Please, please, please Apple make a pro system that uses intel! My software requires intel.
That runs what? Apple has
explicitly announced that macOS on Intel is dead as far as new releases go
macOS Tahoe is the final software update that Intel-based Macs will get, as Apple works to phase them out following its transition to Apple silicon. During its Platforms State of the Union event, Apple said that Intel Macs won't get macOS 27, coming next year, though there could still be updates...
www.macrumors.com
Future Macs need new operating updates during the time they are released. macOS 26 Tahoe has Intel support, but at this point it is announced as a 'dead end'. Maybe 3 more years coming of just security updates and some 'dead end' bug fixes. Who is going to buy a $6K machine with an end date like that on it. Some 'lunatic fridge' perhaps, but in substantive volume? no.
There are no current drivers for era GPUs to go with it either. 2-3 year old GPUs? That is going to promote widespread sales? Nope.

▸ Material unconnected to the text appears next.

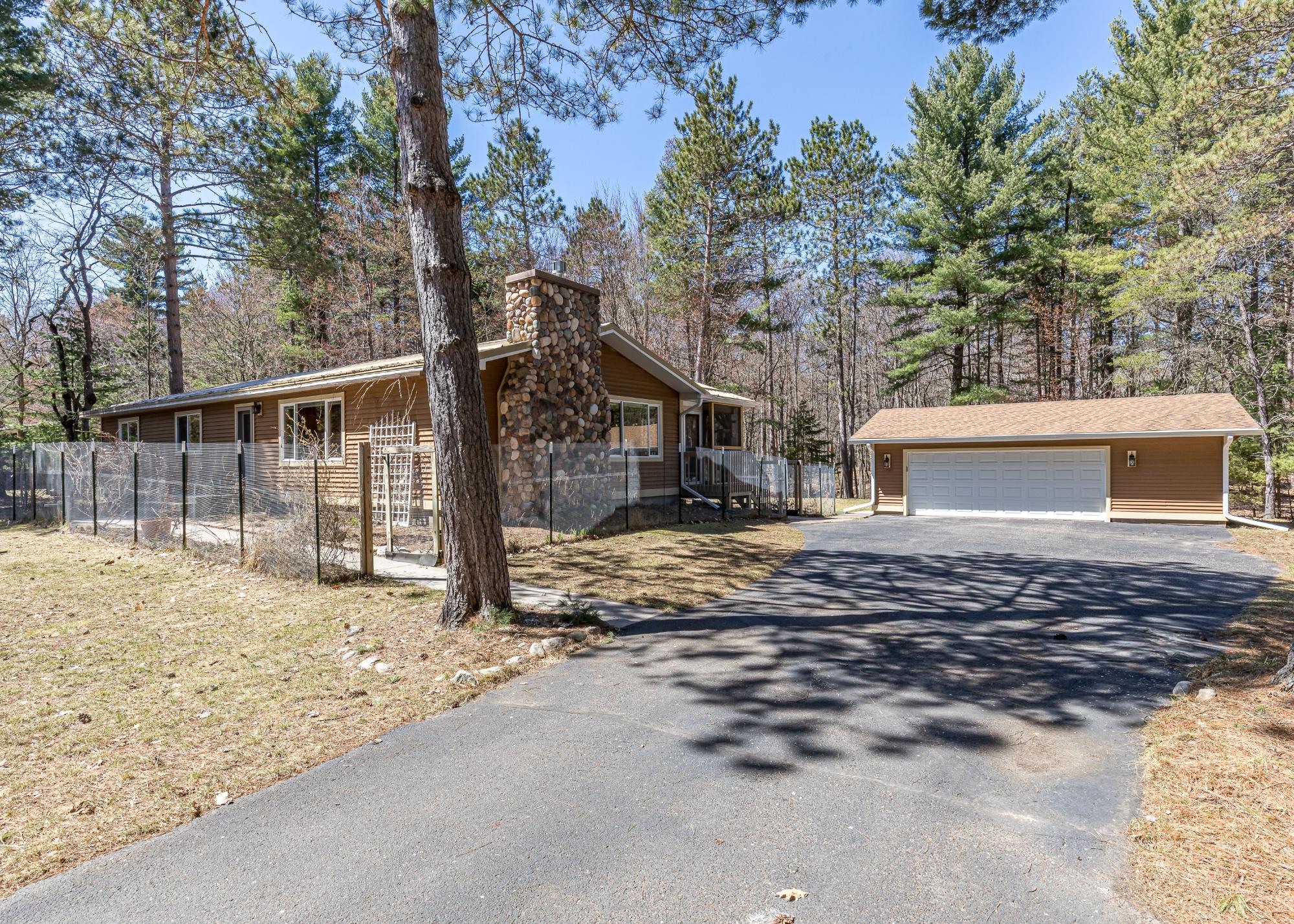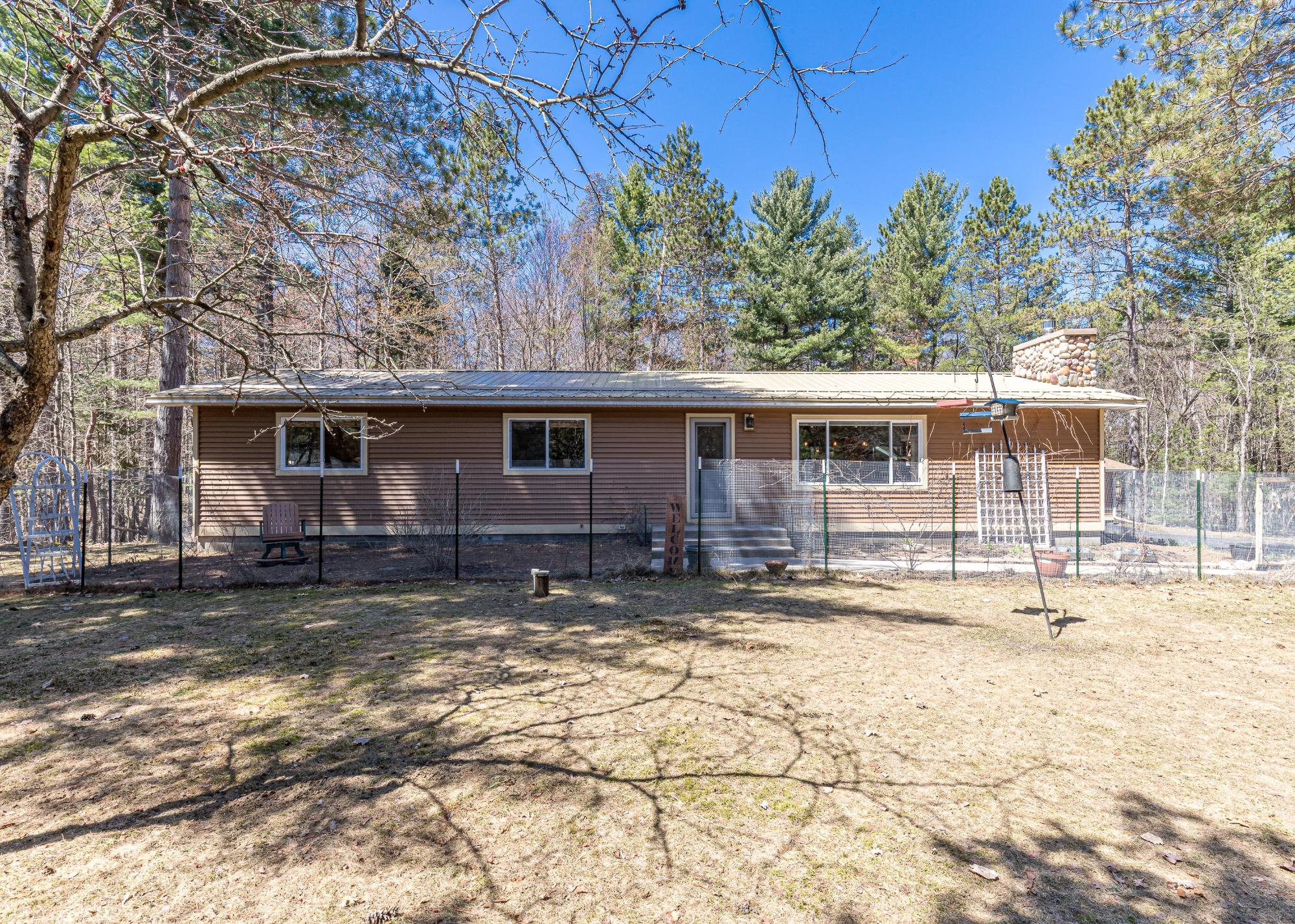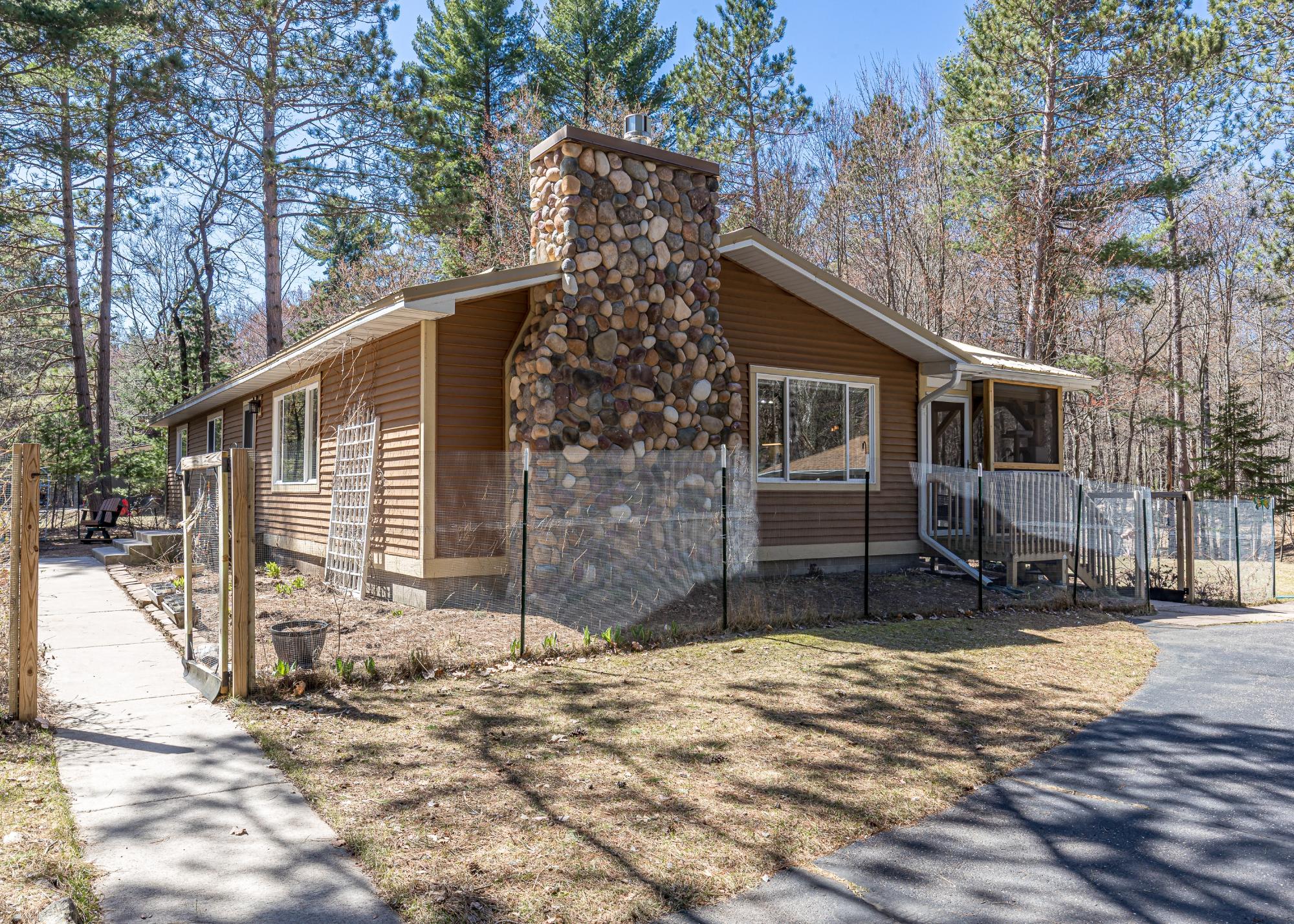 Here's a house with total Northwoods charm and is move in ready! In the past 6 years the interior has been completely remodeled and the exterior has new siding and a metal roof. In addition, the furnace, A/C unit and water heater were also replaced. This home offers one floor living, other than a few steps in the mudroom. The open concept living area is spacious and features a newer floor to ceiling gas fireplace in the living room and the kitchen has abundant granite countertops, ash cabinets and stainless steel appliances. There is also a dining area and a 16x9 screened porch to enjoy 3 seasons! Down the hallway you will find the laundry and three bedrooms, one of them being the primary with a private bathroom. There is a crawl space with exterior access. Step outside to a fenced area of fruit trees and bushes, a concrete walk way to the front door, blacktop driveway, oversized 2 car garage and a 1+ acre lot offering privacy. All of this is only minutes from town. It has been well cared for and is waiting for a new owner!

The T2/T-series chips are basically dead also. Apple's UEFI implementation .. dead.
The Apple macOS library stack largely redacted here also ( Rosetta is being pulled back over next 3 years also).
Very good chance that kernel extension API pragmatically dies when MacOS on Intel dies. (at least for 3rd parties).
There is a large software stack that is being dropped. Parallels makes macOS calls for certain critic functionality. If that substrate is gone then have real problems.
No supported software stack pragmatically means what you have is a hackintosh. If you want a hackintosh just make one with the dead end Tahoe. Apple isn't going to waste any more time directly filling the hackintosh market space now than they did during the Intel era.
I use 3d studio max and vray (amongst other plugins) and they run like a dream on parallels on my 27” iMac - such a cool design too!
3D studio Max is not a macOS application. Apple is going to do double somersault backflips to enable a non macOS app to run? Apple is 99.9% focused on running Macs (and MacOS ). That is it.